# wife of a hunter



## Spreggy (May 29, 2005)

Maybe you would enjoy shed hunting (searching for antlers on the ground after the bucks shed them). If you do a search here for "sheds" you will have plenty to read. Some folks here have great collections of sheds.


----------



## Tyler1 (Dec 6, 2005)

Have a look at the N*** site and they have a group call Women in the Outdoors. They might have some ideas. If that does not work just tag along and act interested. He should enjoy the time together. Wish my wife would go with me and our boys.


----------



## BOWHUNTER920 (Feb 24, 2005)

*My wife goes!*

My wife likes to get out in the woods with me! It is nice to just get out together and spend the time with each other! We have a Choc. lab that we are training to shed hunt and we like getting out with him too! Just go for a walk with him one day and see how you like it! She is invloved in the Women in the Outdoors program with N***. she seems to enjoy it and you can learn alot from the other women involved. Good luck and I'm sure your husband would just appreciate the company!


----------



## Tim Roberts (Jul 13, 2002)

:welcome: to AT Carrol. Hope you like it here. 
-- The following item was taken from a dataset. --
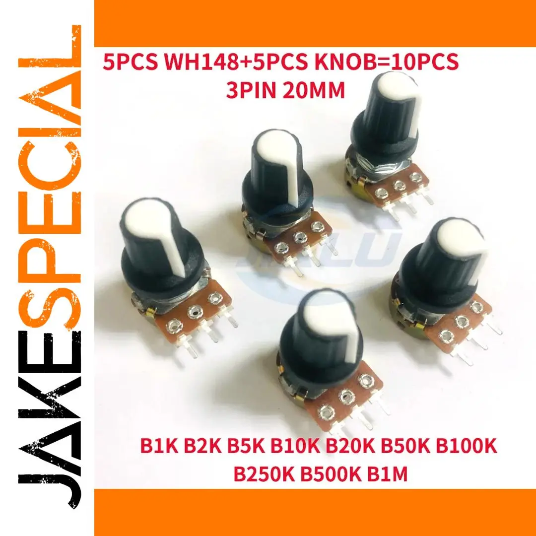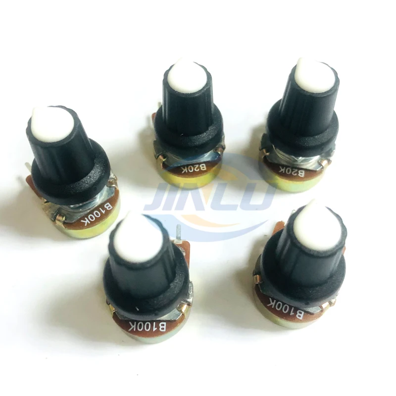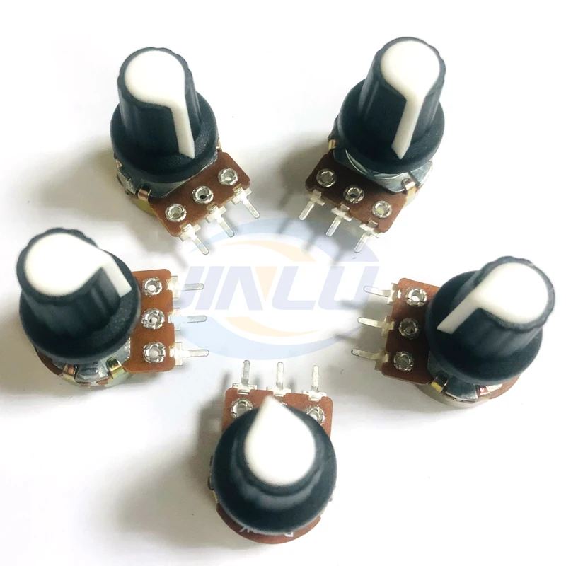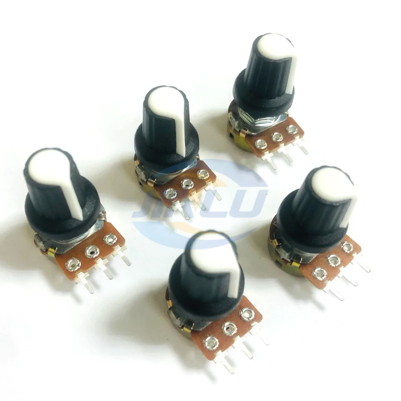 Step into your next project confidently with this set of five precision rotary potentiometers. Whether refining audio controls or creating custom electronic gadgets, these components are designed to deliver reliable performance. Their sleek black design combined with the textured white caps not only adds style but also makes adjustments effortless. The wide resistance range offers flexibility, giving you full control over your circuit's behavior. Don't miss the opportunity to enhance your toolkit with these durable, high-precision potentiometers. Experience the convenience and reliability they provide—make the smart choice and add them to your collection now!

You might want to check out the Ladies section here on AT http://www.archerytalk.com/vb/forumdisplay.php?f=11

I'm sure if you post a question there, you will get some great answers.


----------



## SwietsRick (Dec 23, 2005)

Welcome to our little family, you'll be surprised at the amount of femal hunters and target shooters.
Rick


----------



## Obsession (Nov 11, 2003)

It's always great to see anothe remale join AT...welcome!!


----------